The zebrafish has a great potential to serve as a means to study the function of disease genes found in patient materials. We have access of large collections of biological samples from patients suffering from AD and other neurodegenerative diseases that can serve as a means to understand associations between gene variants and the risk of developing neurodegenerative diseases. Then, the functional implications of these gene variants can be tested in the zebrafish. One important gene for learning processes is ARC and therefore we performed single nucleotide (SNP) analysis of this gene in cerebrospinal fluid (CSF) from patients diagnosed with AD. The result showed that one gene variant of ARC, including a SNP in a region regulating its professing, is reducing the risk of developing AD. Unfortunately, a homologue of ARC has not yet been reported in the zebrafish, but transgenic methods will still allow for further analysis of the gene function in this model. This paper was the first one reporting a genetic association of ARC and the risk of developing a disease. (Landgren, S., von Otter, M., Nilsson S., Seibt Palmér, M., Lundvall, C., Lennart Minthon, L., Bogdanovic, N., Andreasen, N., Gustafson, D.R. Skoog, I., Wallin, A., Blennow, K., Zetterberg, H. and Kettunen P. (2012) A novel ARC gene polymorphism is associated with reduced risk of Alzheimer's disease. Journal of Neural Transmission 119(7):833-42.)

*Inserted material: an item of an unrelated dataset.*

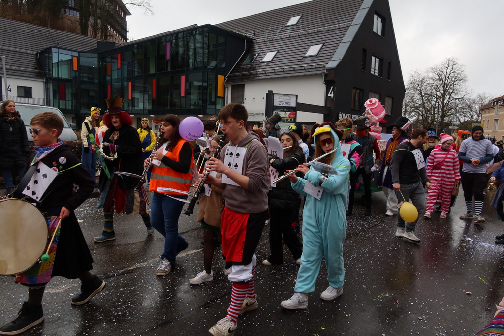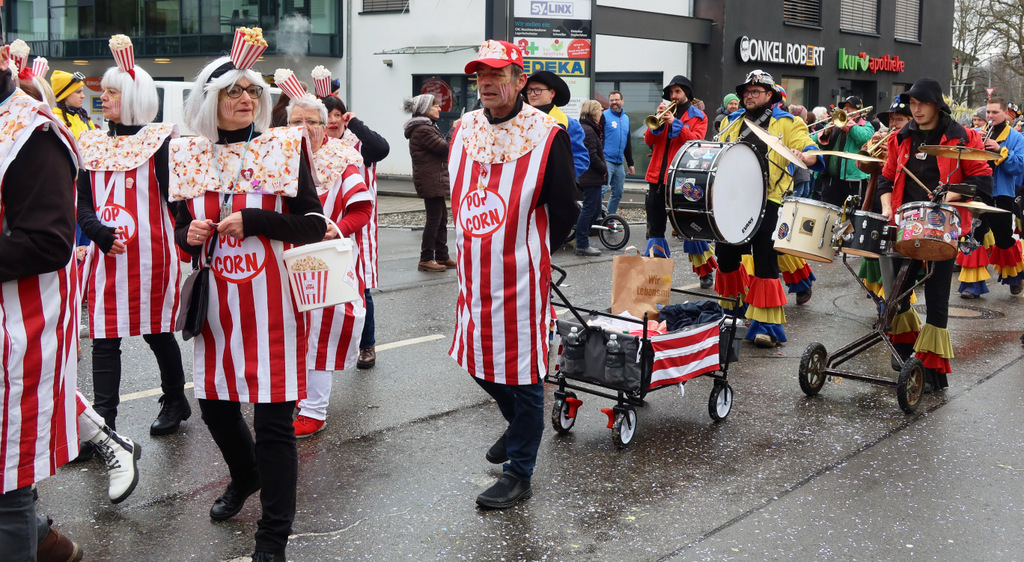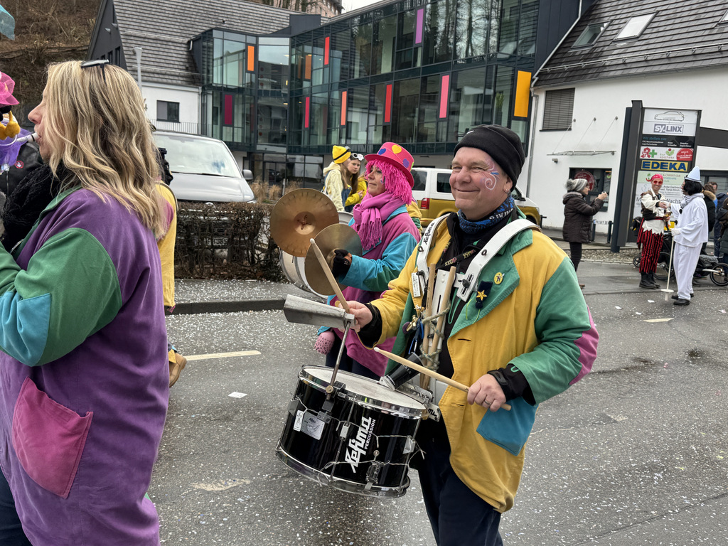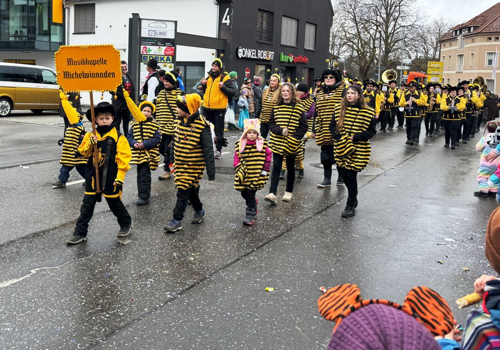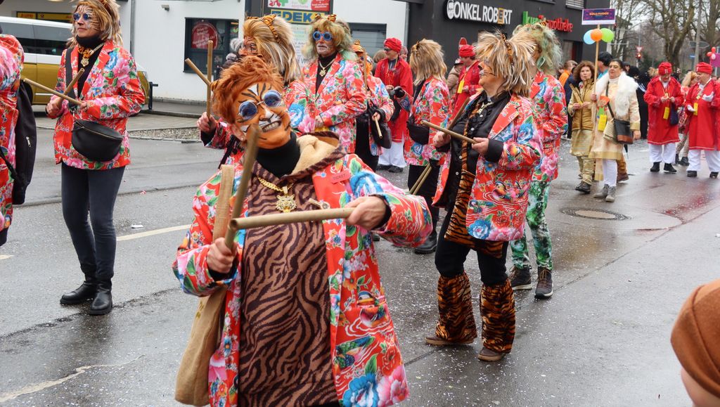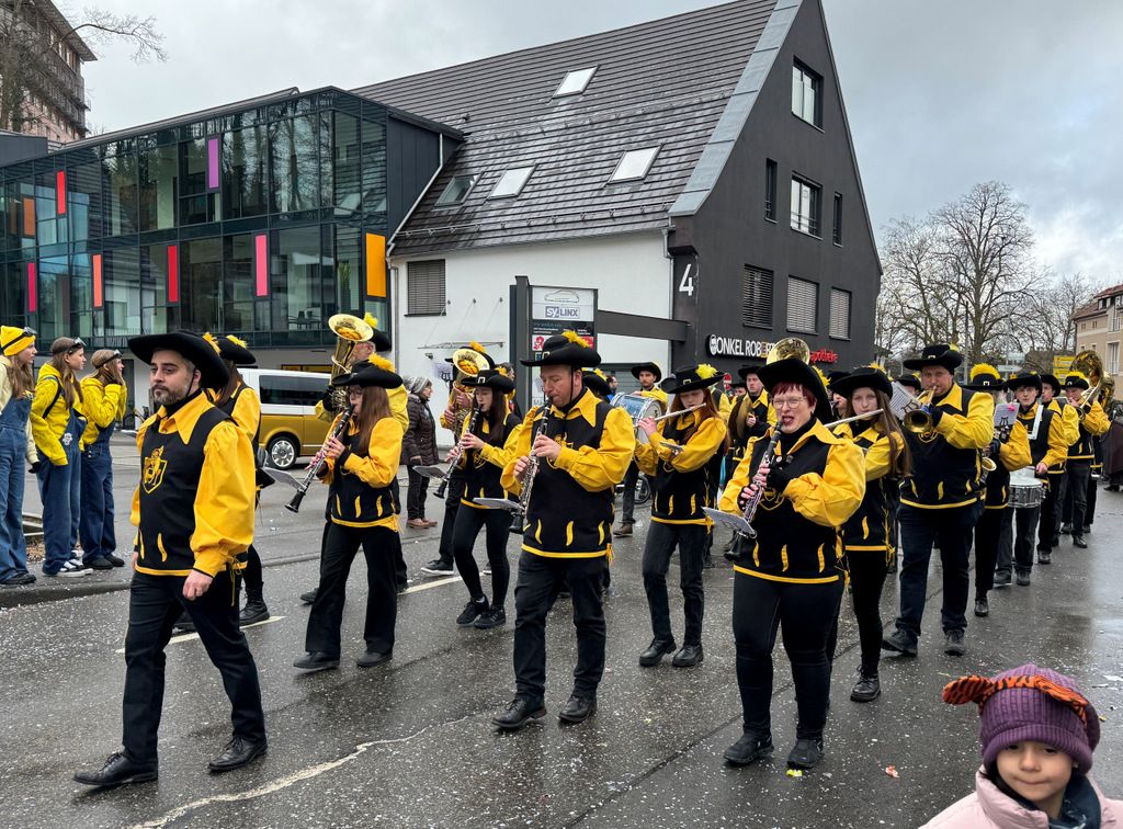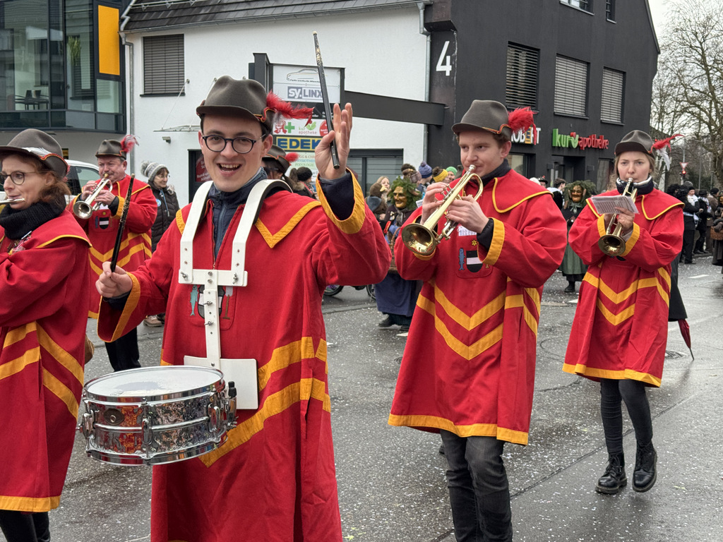 Mit fetzigen Klängen brachten die verschiedenen Musikgruppen viel Bewegung in die riesengroße Schar der Närrinnen und Narren und in die Zuschauerreihen.

This project shows the potential of using the zebrafish to study gene function, synaptic plasticity and behavior related to normal function and disease states. We are now developing our preparations to serve as tools for developing new therapies for CNS diseases, particularly neurodegenerative diseases. We are convinced that the zebrafish will mean a more efficient and highly cost-effective way to develop novel and better treatments for AD. This will mean that we can replace initial studies on rodents and reduce the experiments in higher vertebrates.